* _Required work_
Could you output every record below exactly, leaving out the pictures?

== Data to process ==

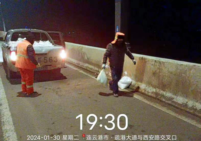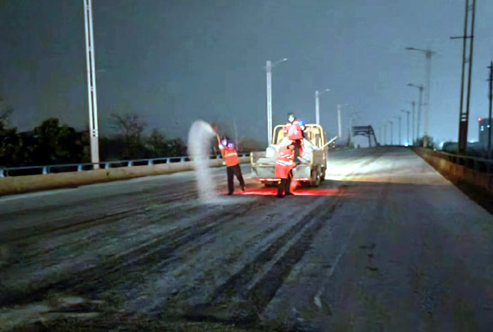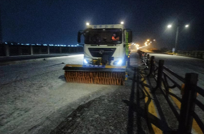 截止早上7點(diǎn),悅升公司共出動(dòng)機械設備10臺、人員260余人,對橋梁和重點(diǎn)結冰地段使用融雪劑150余噸,及時(shí)消除路面冰凍隱患100余處。
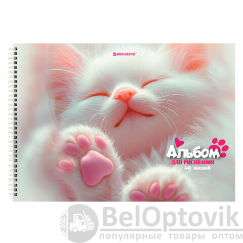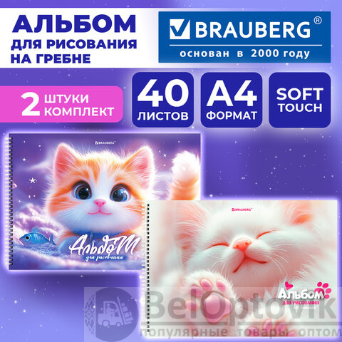 Альбомы для рисования ДЭК, А4, 40 л., КОМПЛЕКТ 2 шт., гребень, Soft-touch, BRAUBERG, 200х290 мм, "Лапки", 107747
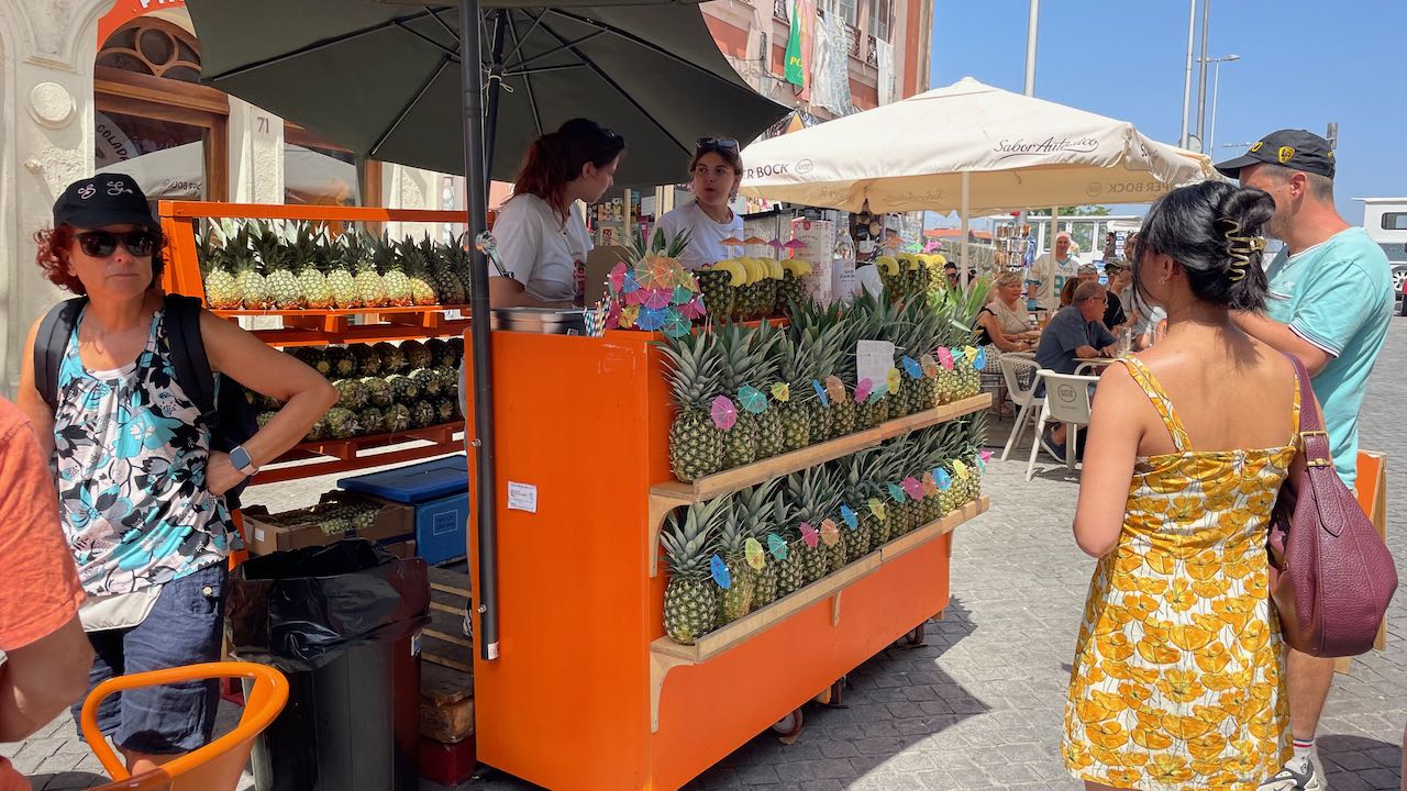 In der Fußgängerzone wird Piña Colada in ausgehöhlter Ananas serviert.
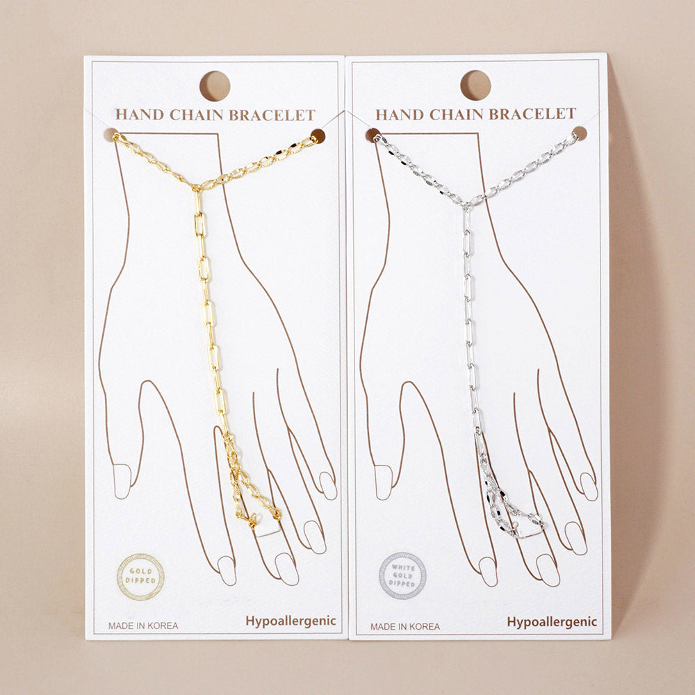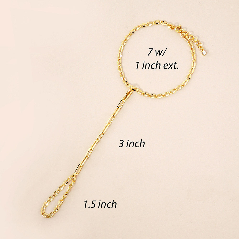 Minimalist hand chain bracelet with a chic, modern link design. Perfect for daily wear or layering with your favorite accessories.
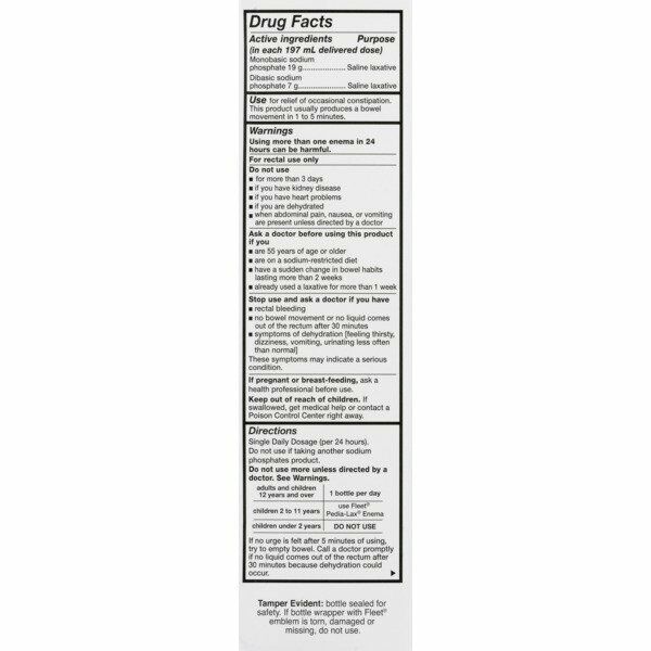 Fleet Enemas are latex free. Ready-to-use. Latex free. Soft, flexible Comfortip. Easy squeeze. Extra cleansing. Extra relief. No. 1 doctor recommended. 70% extra volume. 70% more volume than regular Fleet enema. Provides extra cleansing and extra relief. Clinically proven to be both safe and effective. Protective shield prevents contamination. Pre-lubricated Comfortip for ease of insertion. One-way safety valve controls flow and prevents reflux. Easy squeeze bottle. Each 197-ml delivered dose contains: sodium 4.4 g. This product generally produces a bowel movement in 1-5 minutes.
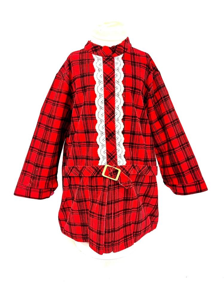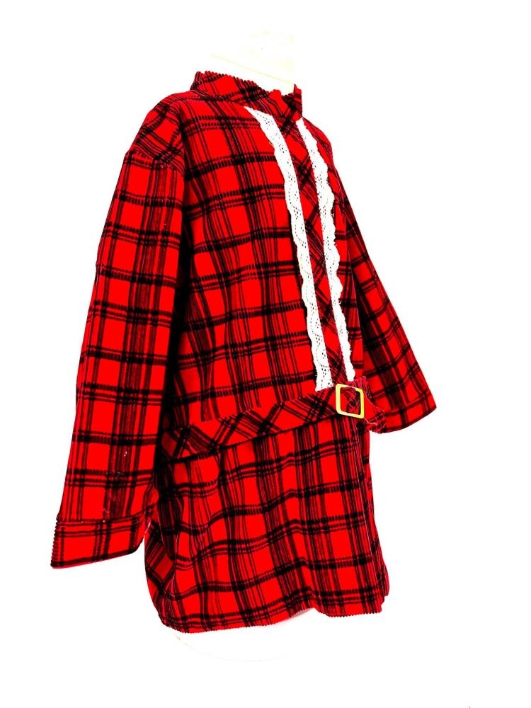 Kjóll á sjö ára stúlku. Jólakjóll. Úr svart/rauðköflóttu flaueli. Með sylgju í mittinu og hvítri blúndu framan á brjóstsaumi og þrjár látúnstölur efst í hálsmáli.
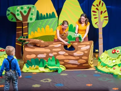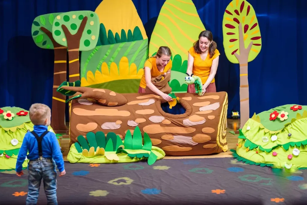 А пока взрослые удивляются и умиляются, у малышей забот невпроворот, они самые настоящие участники постановки: вырастим цветочки и будем танцевать под дождем из мыльных пузырей. Спасём гусеницу Зеленуху от Совы! Поможем Ёжику собирать грибочки, а мистеру Шмелю – нектар. А в конце сказки малыши сами превратятся в прекрасных бабочек и будут веселиться под дождиком из мыльных пузырей.
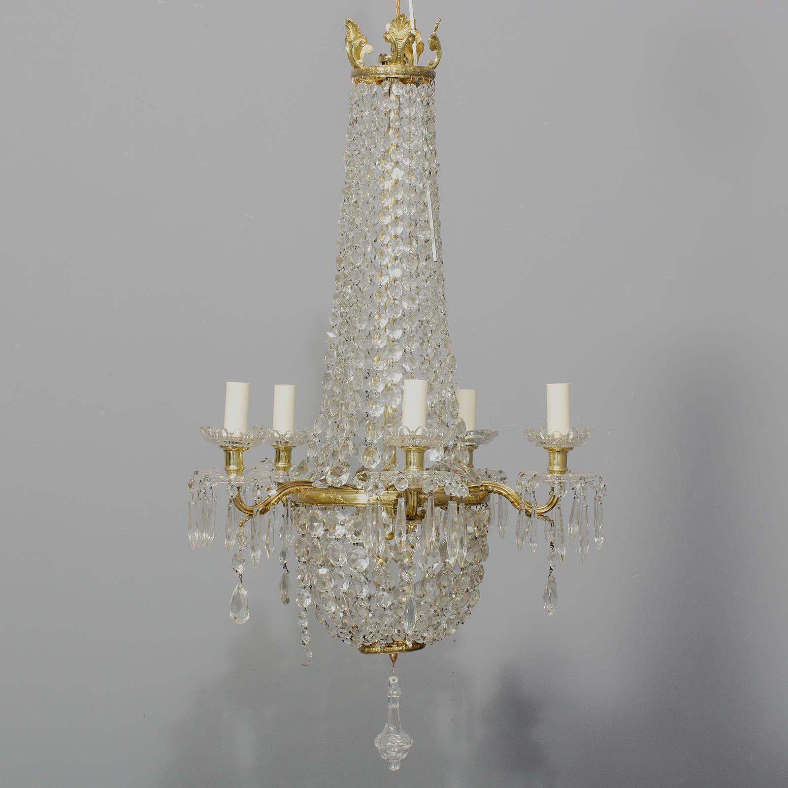 Circa 1930s. A stylish brass and glass chandelier of the tent and basket design, the corona with raised foliate castings and engraved facing supporting graduating spangles of cascading glass to the main circular band which issues five shaped brass arms supporting five lamps, with faux candles, glass nozzles with drip trays draped with elongated glass drops, the bag section with large faceted drops finishing on a small circular bezel with a large downward glass finial, recently cleaned and rewired.
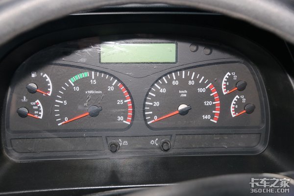 仪表盘的设计则比较偏向于传统重卡的设计,没有采用大面积显示屏,依然是以指针式仪表盘为主,并且转速仪表盘中发动机经济转速区域用绿区标注,可以提醒驾驶员在行驶中保持发动机处于经济转速中。
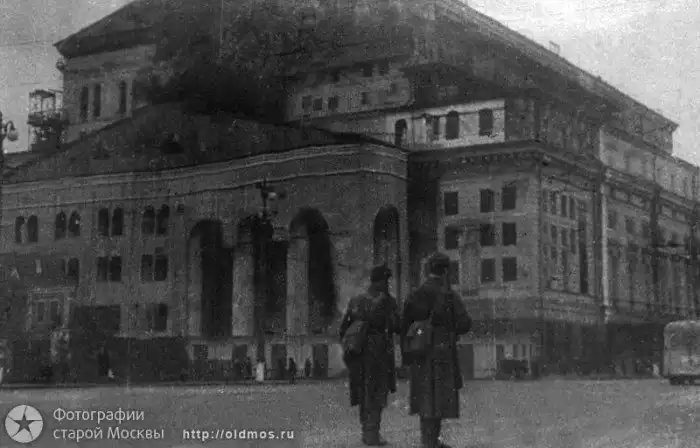 Прямое попадание авиабомбы в административное здание №4 по Старой площади. 24 октября 1941 года. Налёт более известен тем, что при бомбардировке политический деятель А.С.Щербаков получил контузию; почти у всех жителей Зарядья вылетели в домах стекла, а девушка-лётчик Люфтваффе была за выполнение задания лично награждена Гитлером.
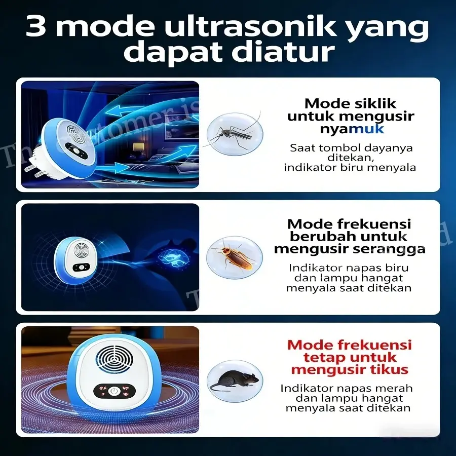 Tidak Berisik: Karena gelombang suara yang digunakan tidak dapat didengar oleh manusia, tidak ada suara atau bau saat diaktifkan, sehingga wanita hamil atau anak-anak di rumah juga dapat menggunakannya.
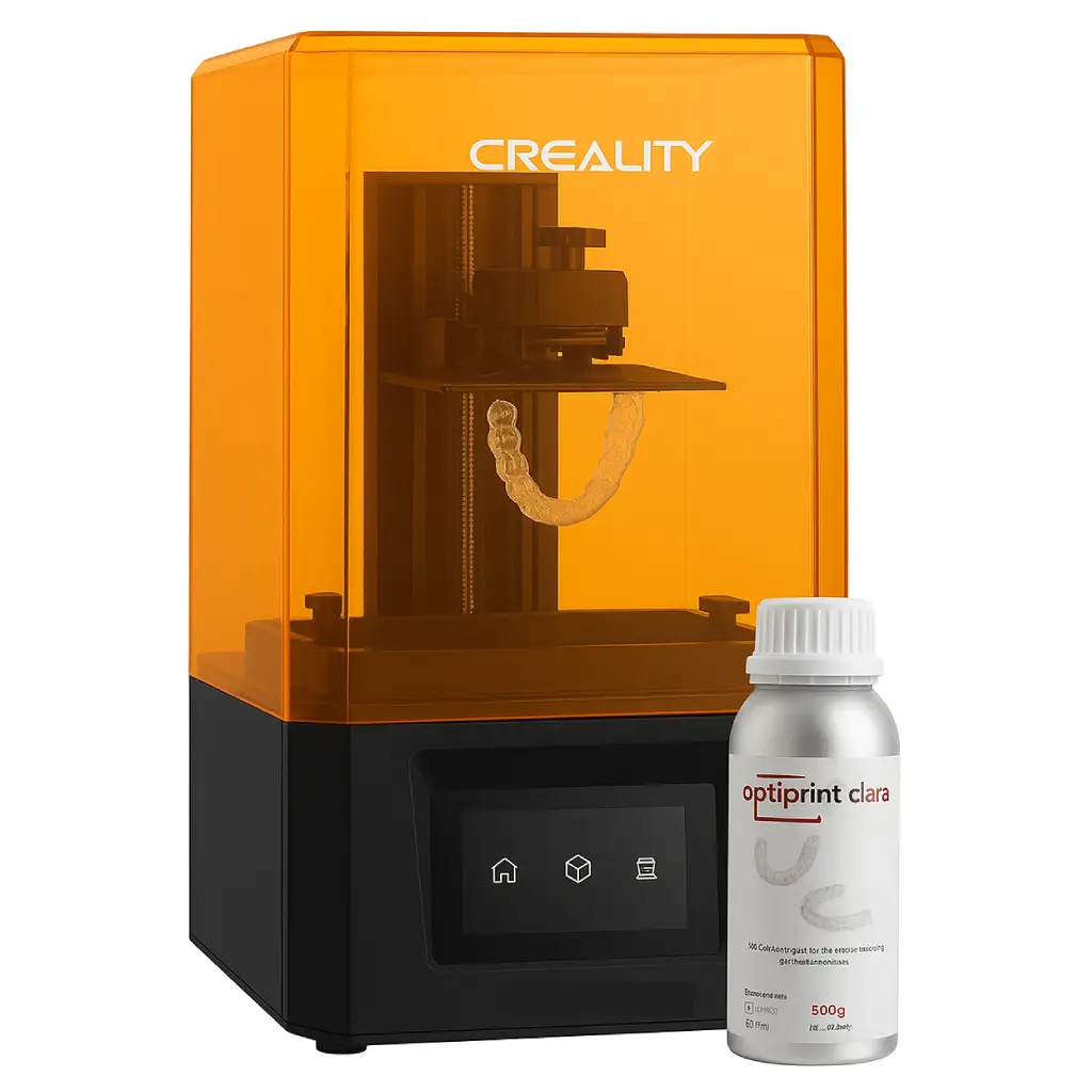 - Resina fotopolimerizable transparente y flexible, especialmente diseñada para la impresión 3D de férulas oclusales.
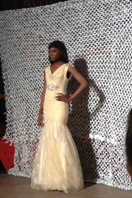 An ivory silk maxi dress complete with various coloured beads and feathers, along with a mermaid style tulle gown fully embroidered with gold sequins were the praiseworthy pieces of the show.
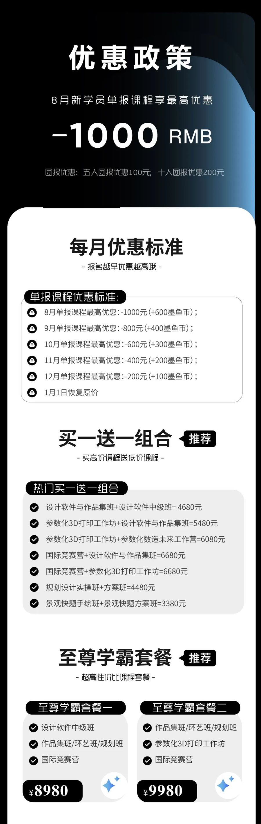 大一的同学可以考虑连报设计软件中级班+设计软件与作品集班;
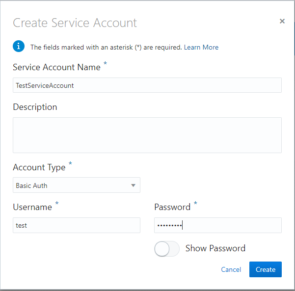 - Account Type: Either Basic Auth or OAuth 2.0 depending on the backend service authentication mechanism
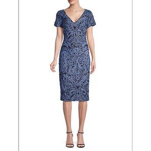 Wedding event party formal gala bridal bridesmaid mother of the bride mother of the groom women’s blue lace floral gown summer spring cocktail party
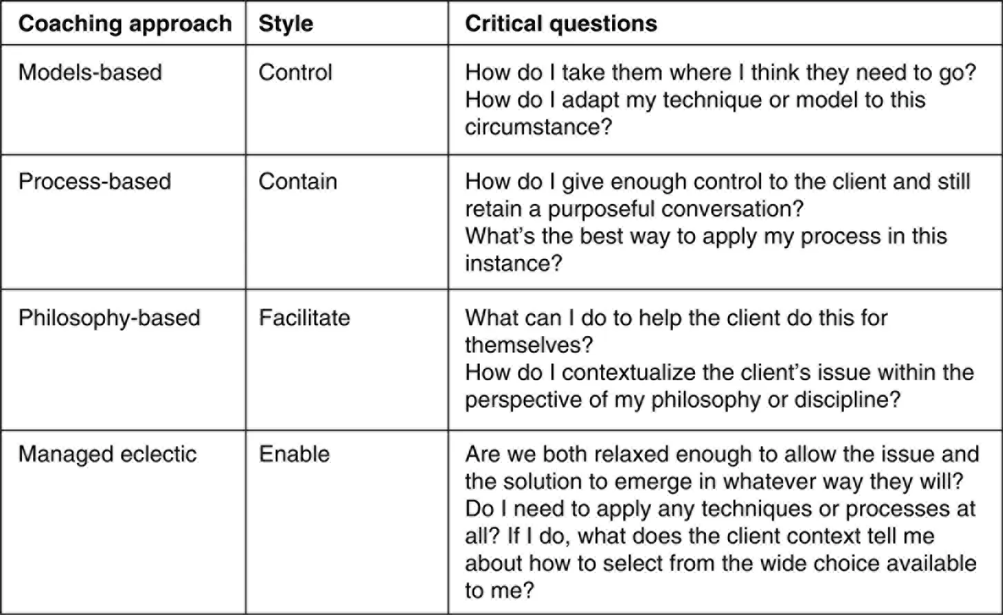 In the recent past, we have seen an encouraging growth of innovation in models, frameworks and processes. We have also observed the rise in highly confident and competent coaches of a fourth approach, which we call managed eclecticism. By this, we mean an intelligent, sensitive ability to select a broad approach, and within that approach, appropriate tools and techniques, which meet the particular needs of a particular client at a particular time. Central to this concept is that:
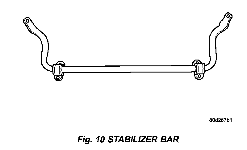 The bar extends across the front underside of the chassis and connects to the frame crossmember. The ends of the bar mount to the lower suspension arm. All mounting points of the stabilizer bar are isolated by bushings (Fig. 10).
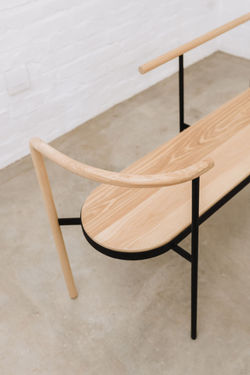 Epoxy coated steel frame with bent ash wood backrest & seat.The perfect conversation bench.

===

* _Final answer_
 截止早上7點(diǎn),悅升公司共出動(dòng)機械設備10臺、人員260余人,對橋梁和重點(diǎn)結冰地段使用融雪劑150余噸,及時(shí)消除路面冰凍隱患100余處。
 Альбомы для рисования ДЭК, А4, 40 л., КОМПЛЕКТ 2 шт., гребень, Soft-touch, BRAUBERG, 200х290 мм, "Лапки", 107747
 In der Fußgängerzone wird Piña Colada in ausgehöhlter Ananas serviert.
 Minimalist hand chain bracelet with a chic, modern link design. Perfect for daily wear or layering with your favorite accessories.
 Fleet Enemas are latex free. Ready-to-use. Latex free. Soft, flexible Comfortip. Easy squeeze. Extra cleansing. Extra relief. No. 1 doctor recommended. 70% extra volume. 70% more volume than regular Fleet enema. Provides extra cleansing and extra relief. Clinically proven to be both safe and effective. Protective shield prevents contamination. Pre-lubricated Comfortip for ease of insertion. One-way safety valve controls flow and prevents reflux. Easy squeeze bottle. Each 197-ml delivered dose contains: sodium 4.4 g. This product generally produces a bowel movement in 1-5 minutes.
 Kjóll á sjö ára stúlku. Jólakjóll. Úr svart/rauðköflóttu flaueli. Með sylgju í mittinu og hvítri blúndu framan á brjóstsaumi og þrjár látúnstölur efst í hálsmáli.
 А пока взрослые удивляются и умиляются, у малышей забот невпроворот, они самые настоящие участники постановки: вырастим цветочки и будем танцевать под дождем из мыльных пузырей. Спасём гусеницу Зеленуху от Совы! Поможем Ёжику собирать грибочки, а мистеру Шмелю – нектар. А в конце сказки малыши сами превратятся в прекрасных бабочек и будут веселиться под дождиком из мыльных пузырей.
 Circa 1930s. A stylish brass and glass chandelier of the tent and basket design, the corona with raised foliate castings and engraved facing supporting graduating spangles of cascading glass to the main circular band which issues five shaped brass arms supporting five lamps, with faux candles, glass nozzles with drip trays draped with elongated glass drops, the bag section with large faceted drops finishing on a small circular bezel with a large downward glass finial, recently cleaned and rewired.
 仪表盘的设计则比较偏向于传统重卡的设计,没有采用大面积显示屏,依然是以指针式仪表盘为主,并且转速仪表盘中发动机经济转速区域用绿区标注,可以提醒驾驶员在行驶中保持发动机处于经济转速中。
 Прямое попадание авиабомбы в административное здание №4 по Старой площади. 24 октября 1941 года. Налёт более известен тем, что при бомбардировке политический деятель А.С.Щербаков получил контузию; почти у всех жителей Зарядья вылетели в домах стекла, а девушка-лётчик Люфтваффе была за выполнение задания лично награждена Гитлером.
 Tidak Berisik: Karena gelombang suara yang digunakan tidak dapat didengar oleh manusia, tidak ada suara atau bau saat diaktifkan, sehingga wanita hamil atau anak-anak di rumah juga dapat menggunakannya.
 - Resina fotopolimerizable transparente y flexible, especialmente diseñada para la impresión 3D de férulas oclusales.
 An ivory silk maxi dress complete with various coloured beads and feathers, along with a mermaid style tulle gown fully embroidered with gold sequins were the praiseworthy pieces of the show.
 大一的同学可以考虑连报设计软件中级班+设计软件与作品集班;
 - Account Type: Either Basic Auth or OAuth 2.0 depending on the backend service authentication mechanism
 Wedding event party formal gala bridal bridesmaid mother of the bride mother of the groom women’s blue lace floral gown summer spring cocktail party
 In the recent past, we have seen an encouraging growth of innovation in models, frameworks and processes. We have also observed the rise in highly confident and competent coaches of a fourth approach, which we call managed eclecticism. By this, we mean an intelligent, sensitive ability to select a broad approach, and within that approach, appropriate tools and techniques, which meet the particular needs of a particular client at a particular time. Central to this concept is that:
 The bar extends across the front underside of the chassis and connects to the frame crossmember. The ends of the bar mount to the lower suspension arm. All mounting points of the stabilizer bar are isolated by bushings (Fig. 10).
 Epoxy coated steel frame with bent ash wood backrest & seat.The perfect conversation bench.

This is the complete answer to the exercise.